Look for Chris’ second column on depression after spring break. Until then, contact him at herriesc@stanford.edu.

  • long winded as predict/feared

    Chris, this is a great piece. I have several observations I want to make; apologies if (when) I get long-winded here.

    1. I’m glad you mentioned anhedonia. I think it’s the symptom of depression that is simultaneously the most debilitating and the least understood by those who haven’t experienced it. Nothing gives one pleasure. Not music, not video games, not drinking, not anything. One’s brain feels like it’s oat meal: beige and starchy and useless. One is in a fuzzy greasy prison. The only desire one feels, if any at all, is not so much a desire to die (which could be an exciting experience) but rather a desire to /be erased/ from existence.

    2. I want to establish something before I get to 3. Not everyone cares about other people. So to simplify things, we should restrict a discussion of how the community can care for a depressed guy to just those members of the community who care about other people in the first place. (Just look at Stanford Confessions to see the difference between people who care about others and people who don’t. Why do people say mean things about others? It doesn’t make sense! And yet people do!)

    3. Caring people reflexively care about and for depressed women. We want to hug them and make it all better. And we care about and /want/ to care for men, too, but we feel a little awkward about the second one. Why? I think one way to look at this is just to ask yourself this: How willing are you to lower your guard completely and let someone else rescue you? I speculate most caring women are in turn willing to be completely cared for by someone else. But I don’t think that’s true of caring men because of the “cultural image of masculinity”, as Chris phrases it. And we project our own preferences on others. The end result is that the image is reenforced.
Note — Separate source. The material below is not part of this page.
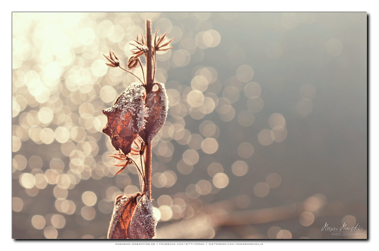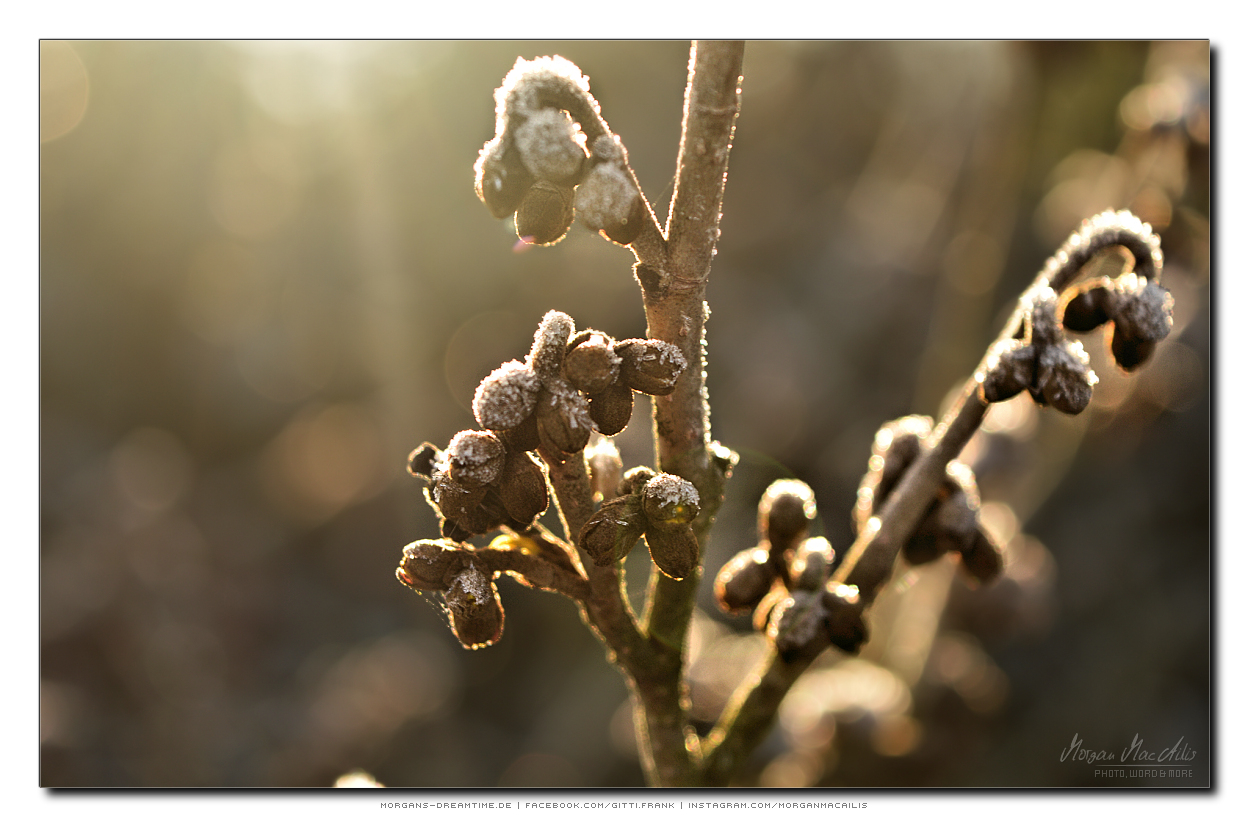 Die Natur ist in den Winterschlaf gefallen, die Sonne hat an Kraft verloren. Vom farbenfrohen Spätherbst nur noch ein paar vereinzelte Überreste zu sehen, die sich krampfhaft versuchen gegen das triste Grau-in-Grau der kalten Jahreszeit zu behaupten. Aber auch jetzt gibt es vieles, was es wert ist, Beachtung zu erhalten. Meist wird der Mensch aber gehetzt und dick eingepackt von einem Termin zum nächsten Eilen und keine Zeit für die vielen kleinen Lichtblicke finden. Wollsocken, eine dampfende Tasse Tee vor sich, ruhige Musik und Kerzenschein - die gemütliche Seite des Winters.

    4. There may be a related issue. I think because of the culture in the first place, guys can go through life feeling like no one truly cares about them. Or, more precisely, a guy feels like he is cared about for what he /accomplishes/ rather than just for /being/ a kind person. Is that true for women? I sense it is not, but maybe I’m wrong. In any case, I think it can be hard for a guy to accept that someone else cares about him at a time when he’s unable to accomplish anything at all.

  • http://www.facebook.com/eric.farmz Eric Farmz

    If you want to view stigma, simply listen to your government officials dumping on mentally ill as gun wielding monsters out to kill everyone they see! It is unbelievable! They group everyone into one ugly group. There are many people who have Bipolar and Major Depression who have got their stigma under control, but are still put into the same group as the killer who kills kids for no reason. Why is there a stigma? Ask your congressman.

  • Chris

    It’s also interesting to note how the stats on gun deaths are portrayed. Roughly 30,000 people a year die of gun violence each year, two-thirds being suicide.

  • quomodo

    Hey Chris, great article! I just wanted to point out that it is quite possible as many men cut themselves as women (it’s hard to get accurate data when this sort of thing is self-reported), and even if more women do than men, there are still a significant number of men cutting. While there are definitely other ways to self-harm, as you point out, I think it’s still important to acknowledge men who are cutting. Stereotyping cutting as a “woman’s issue” could make it even more difficult for male cutters to seek help and perpetuate the stigma against them.